§ **DATASET EXTRACT**
····················

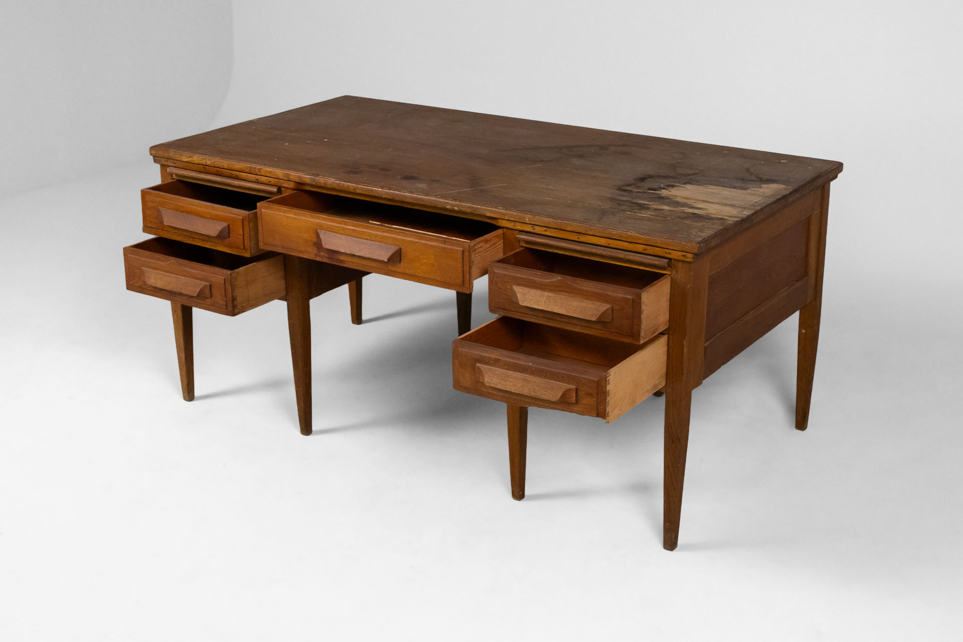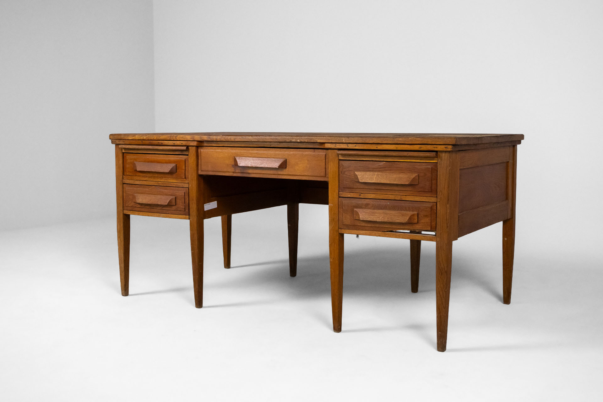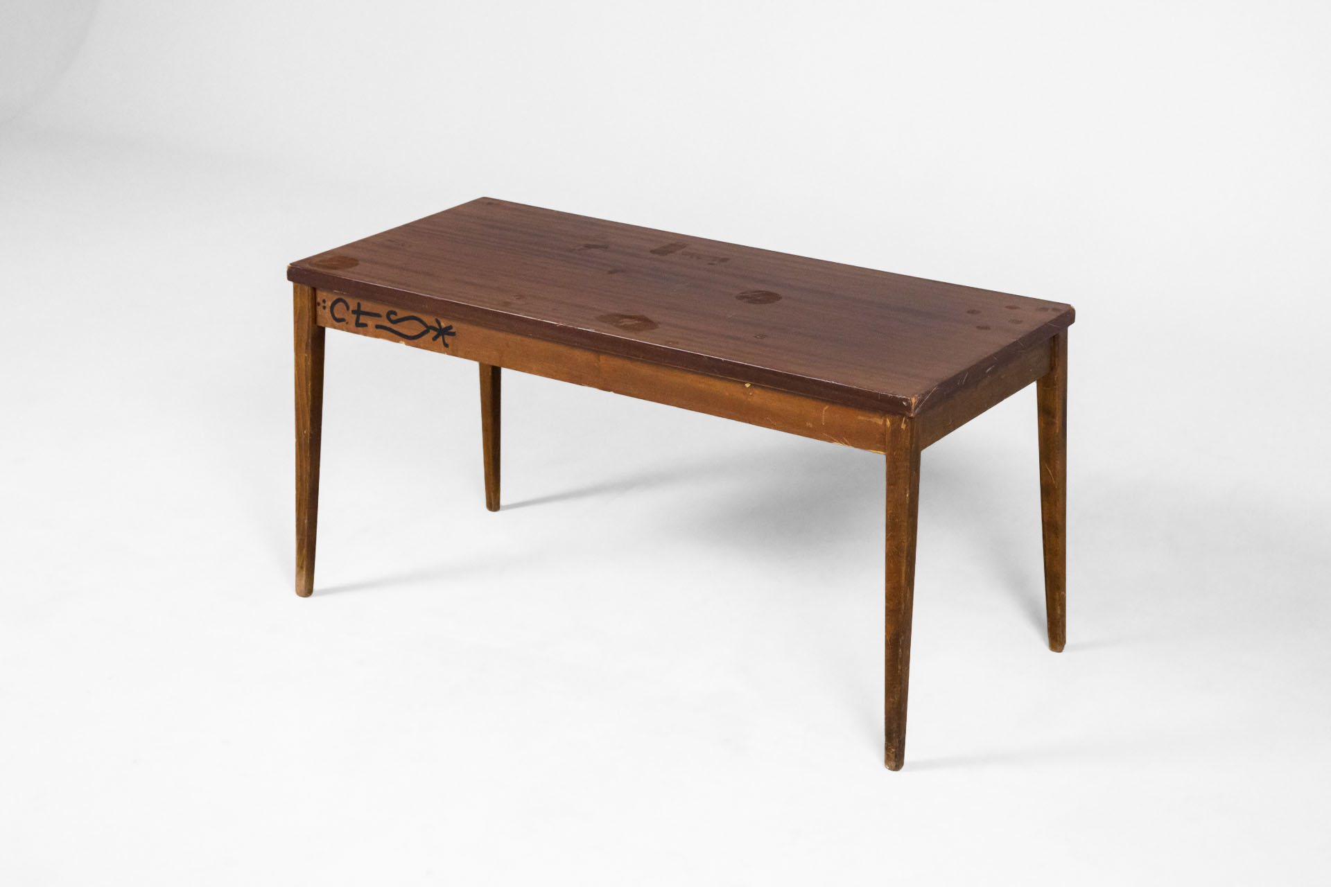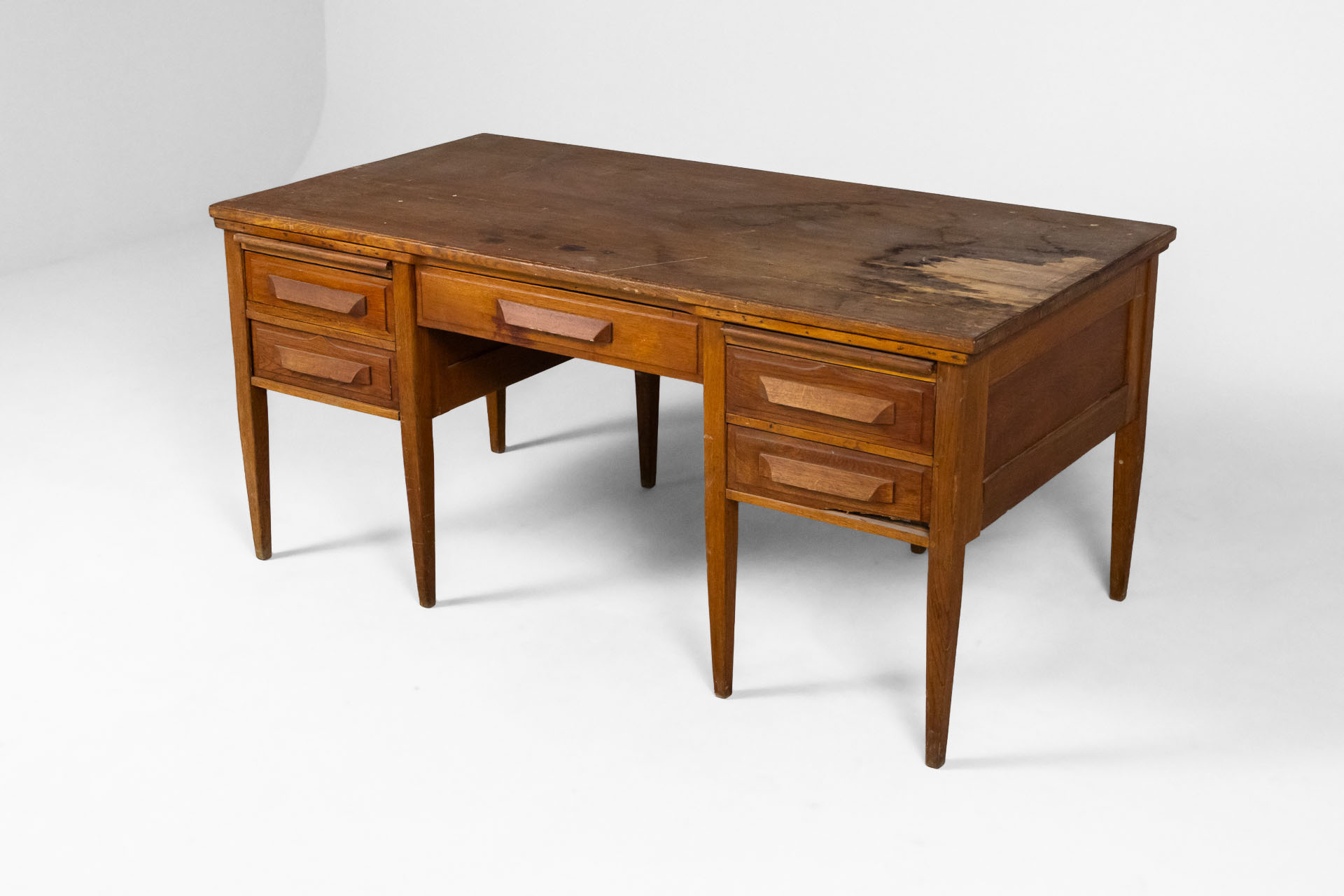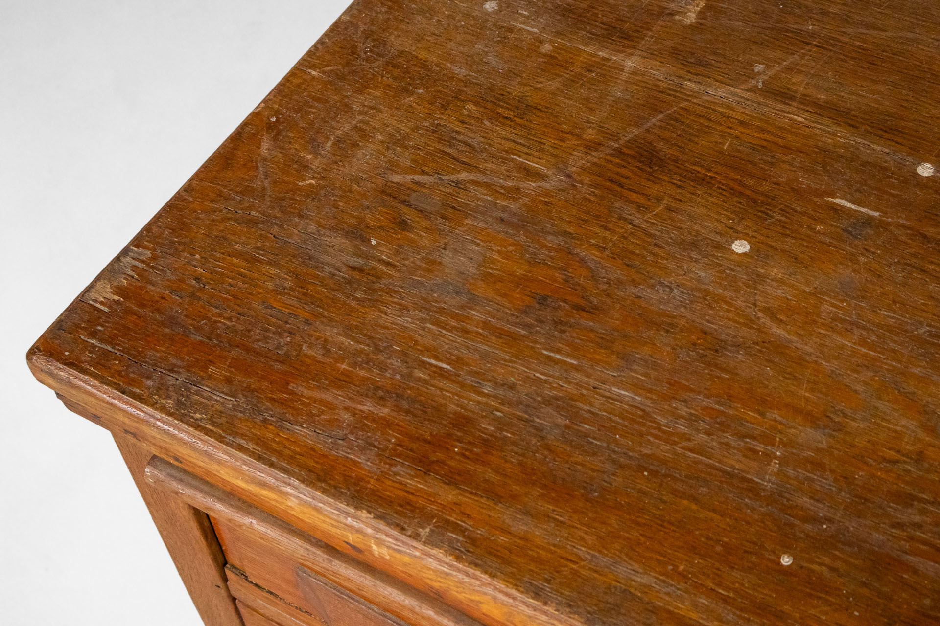 Masszív, vintage stílusú, téglalap alakú asztal rusztikus megjelenéssel. Az asztal felülete enyhén kopott, ami a használat nyomait tükrözi
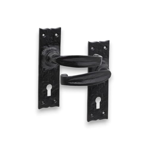 Infinity Decor Pair of Antique Black Isabella Lever Door Handle on Backplate – Wrought Iron Key Lock Door Handle Pack for Internal and External Use
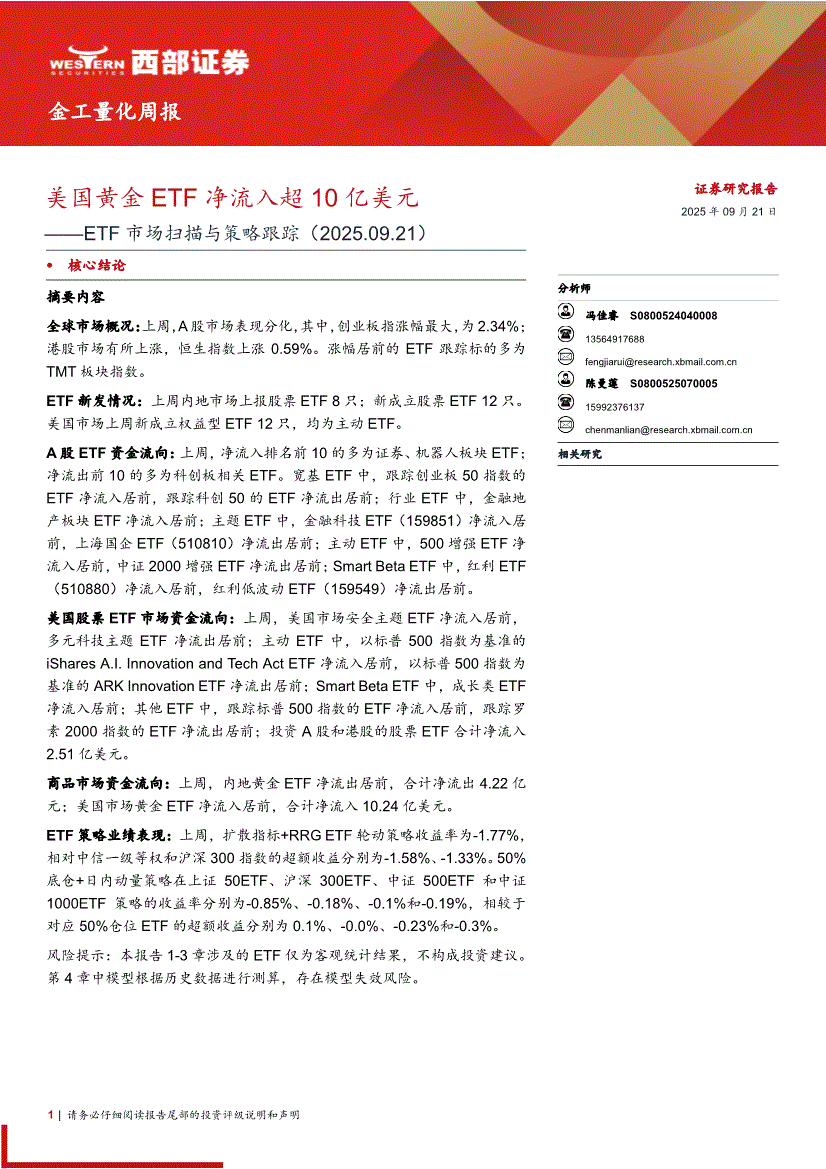 西部证券-ETF市场扫描与策略跟踪:美国黄金ETF净流入超10亿美元-250921

····················

§ **WORK INSTRUCTIONS**
Without the pictures, write out every line above exactly as it appears.

§ **REPLY**
 Masszív, vintage stílusú, téglalap alakú asztal rusztikus megjelenéssel. Az asztal felülete enyhén kopott, ami a használat nyomait tükrözi
 Infinity Decor Pair of Antique Black Isabella Lever Door Handle on Backplate – Wrought Iron Key Lock Door Handle Pack for Internal and External Use
 西部证券-ETF市场扫描与策略跟踪:美国黄金ETF净流入超10亿美元-250921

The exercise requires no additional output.